Abstract:
Membrane proteins play a range of important roles in biological systems, yet they
are underrepresented in the data base of high-resolution structures of all proteins. There is
intense interest in developing new methodologies for studying membrane proteins. An
essential step to membrane protein method development is devising reliable membrane
mimics in which to embed membrane proteins.

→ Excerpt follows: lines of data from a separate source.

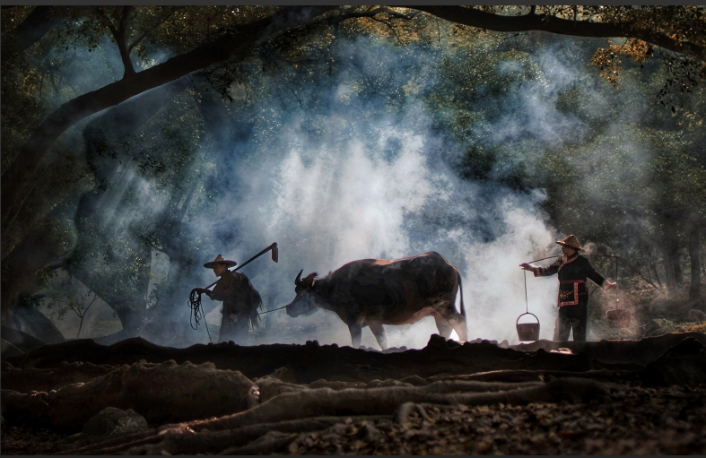
SALON HM | KEN ANG, Singapore, Early morning walk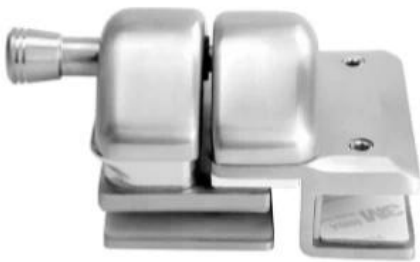
Glass to glass latch 180 degree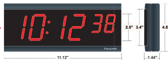
2.5" High Characters x 6 Digits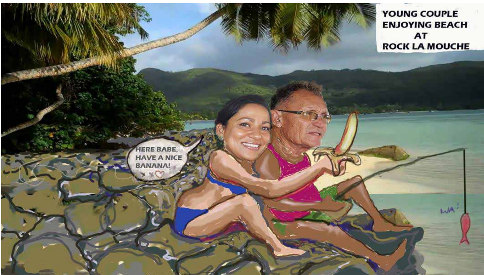
YOUNG COUPLE ENJOYING BEACH AT ROCK LA MOUCHE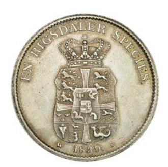
568 Frederik VI , Speciedaler, 1839ws, Copenhagen (Hede 26C; Dav. 73; KM. 695.4). Lightly cleaned and some contact marks, otherwise about extremely fine £100-£120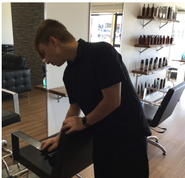
FORREST – CLAIRE HAIR BOUTIQUE “I liked that I got to work in a nice place. The staff showed me lots of new skills”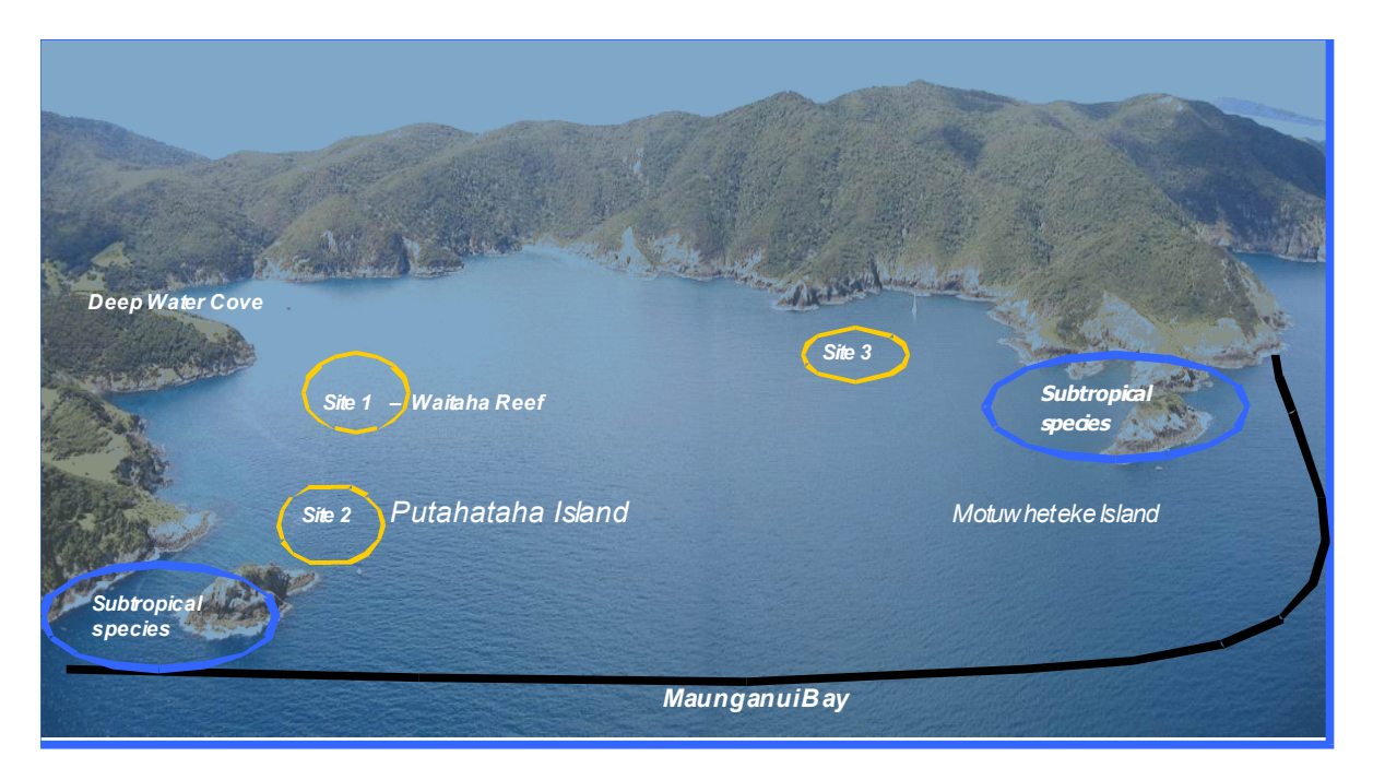
Figure 2: Proposed S186A area, the 2007 survey sites and the two areas of subtropical species

On the advice of the kuia and kaumätua, the recreational divers, some marine scientists and a hydrologist, Maunganui bay was selected to sink the ex-frigate Waitaha-Canterbury. To assess the value of the wreck as an artificial reef before the scuttling, Ngati Kuta and Patukeha, funded by the Ministry of Fisheries, completed a baseline study of the fishery in and around Maunganui Bay in 2007, called Te Kupenga Manawahuna study. The aim was to investigate what fish were in Maunganui bay historically, from the evidence of the kuia and kaumätua of Ngati Kuta and Patukeha ki Te Rawhiti and written records, compared with the present stocks found in surveys in Maunganui in 2007.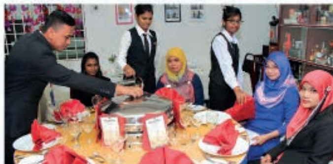
DIPLOMA IN FOOD AND BEVERAGE MANAGEMENT

PROVIDING SKILLED WORK FORCE & SKILLFULLY TRAINED INTERNS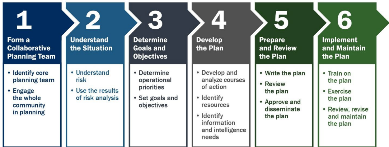
Figure 3. CPG 101 Emergency Operations Six-Step Planning Process

When preparing for cyber incidents, careful planning and collaboration are necessary to ensure a holistic and effective response. Using the six-step planning process detailed in CPG 101: Developing and Maintaining Emergency Operations Plans and shown in Figure 4, the planning team may develop a comprehensive and realistic plan or annex with purposeful involvement from all key stakeholders.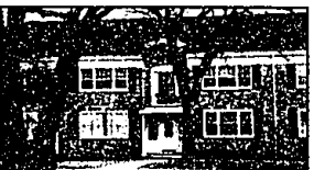
ENJOY PRIVACY of the second floor with two bedrooms, two baths, newer kitchen, furnace, tile, neutral decor, decorative fireplace. Near airport, sport club, theatre, shopping. Great location. $102,900 (851-5500)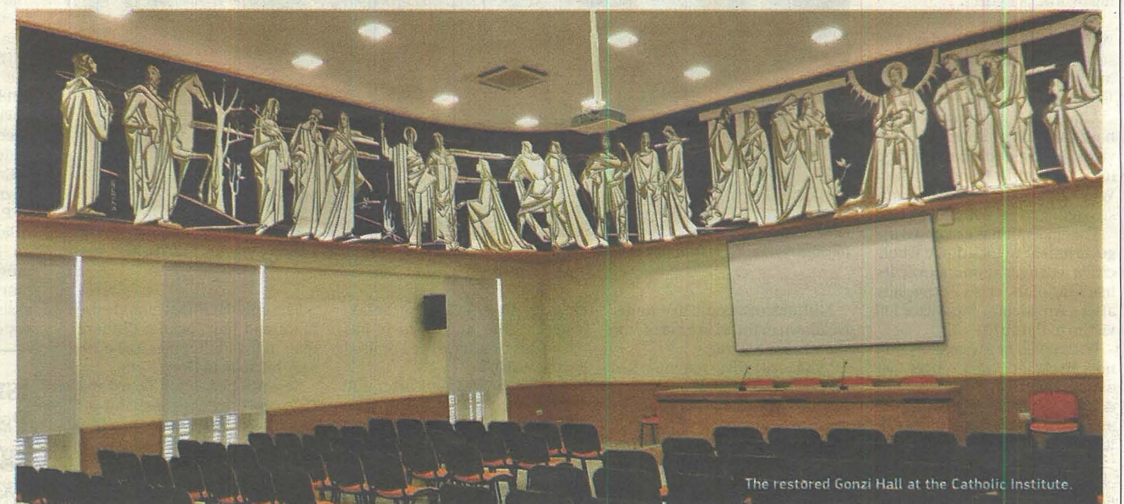
The restored Gonzi Hall at the Catholic Institute.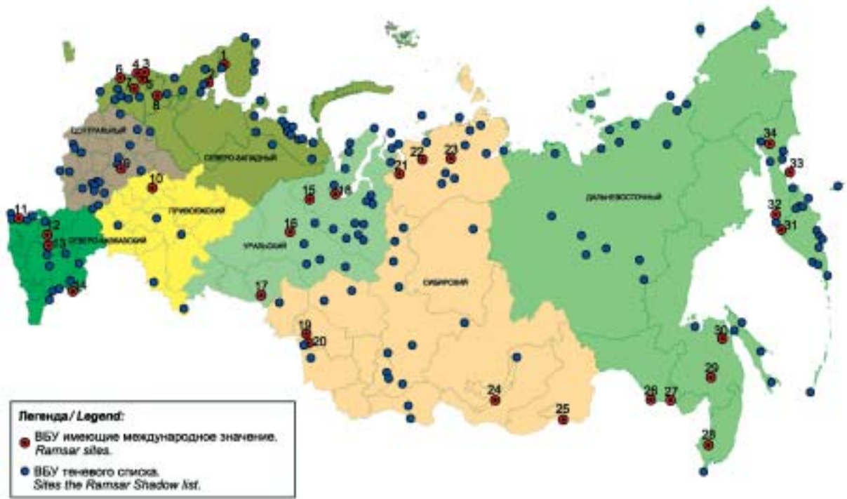
Figure 5. Most valuable wetlands in Russia.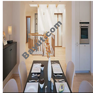
Ajman Villas Dining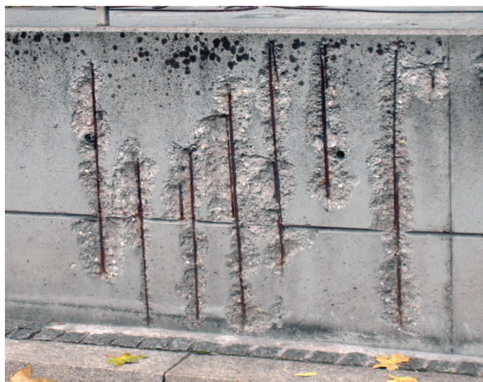
Corrosion of reinforced concrete following the use of deicing salts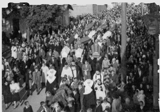
■ Burial of the victims of the train raid near Zatyłe

Genocide is a legal category. The Volhynian massacres have all the traits of genocide listed in the 1948 UN Convention on the Prevention and Punishment of the Crime of Genocide, which defines genocide as an act “committed with intent to destroy, in whole or in part, a national, ethnical, racial or religious group, as such.” In Polish academia the Volhynian massacres are referred to as genocidal ethnic cleansings, the Volhynian (or Volhynian-Galician) slaughter, or, in legal terminology, the crime of genocide. Regardless of which qualification of the Volhynian massacres is the most suitable, there is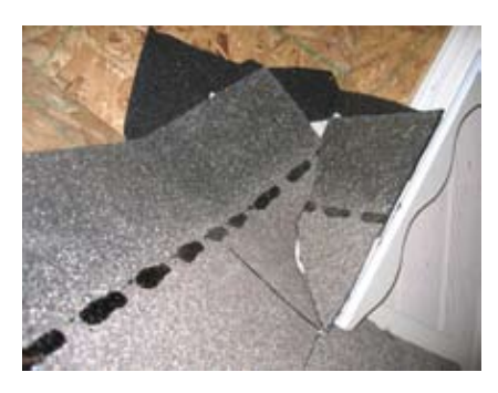
Install shingles over these. Leave small place between shingles so that water is not trapped.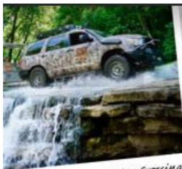
Dogwood Canyon Water Crossing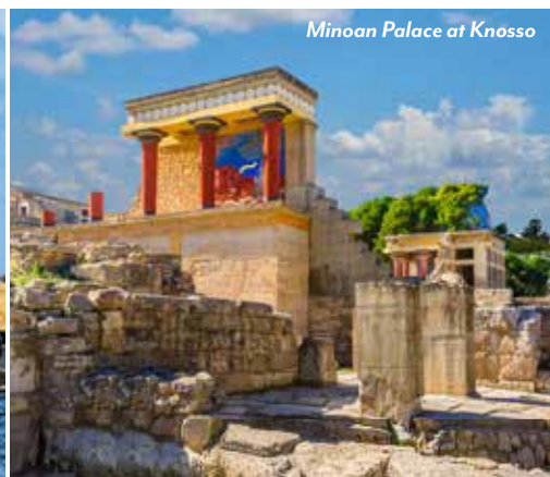
Minoan Palace at Knossos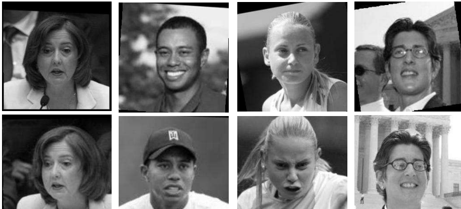
Fig. 2. Example positive image pairs from the LFW [27, 35] dataset.

w.r.t. a single training pair (\mathbf{x}_i, \mathbf{x}_j, y_{ij}) , are given by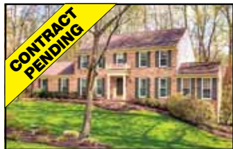
Fairfax Sta/South Run $839,950 Multiple Offers Received

Premium half acre lot backing to parkland w/ deck, remodeled kitchen w/ granite cnts, lovely hrdwd floors, remodeled MBA w/ double sinks & sep tub & shower, MBR w/ walk-in closet, remodeled hall BA w/ jetted tub, newer vinyl windows, siding, furnace & a/c, near Silver Line Metro & more.

The goal of this thesis was to develop and apply nanodisc membrane mimics to
the study of an influenza A membrane protein called M2. Nanodiscs provide a lipid
bilayer environment with access to both sides of the bilayer and are smaller than
commonly used liposome model membranes whose size provides challenges for some
biophysical methods. This thesis shows how the sample composition of M2 containing
nanodiscs was optimized. Dynamic light scattering and size exclusion chromatography
was used to characterize M2-nanodiscs.
Electrophysiological and budding assays showed that M2 in liposomes were in a
functionally relevant conformation. Extensive previous work has been done on studying
M2 protein in spherical liposome using site-directed spin label electron paramagnetic
resonance (SDSL-EPR). We carried out SDSL-EPR studies of M2-nanodiscs and
compared them to published work on M2 in liposomes. Our EPR data is consistent with
M2 protein in nanodiscs having a similar conformation, mobility and membrane topology
as that seen in previously published M2-liposome work. Furthermore, we probed the
ability of nanodiscs to allow for conformational exchange by comparing the impact of
drug binding on M2-nanodiscs with M2-liposomes.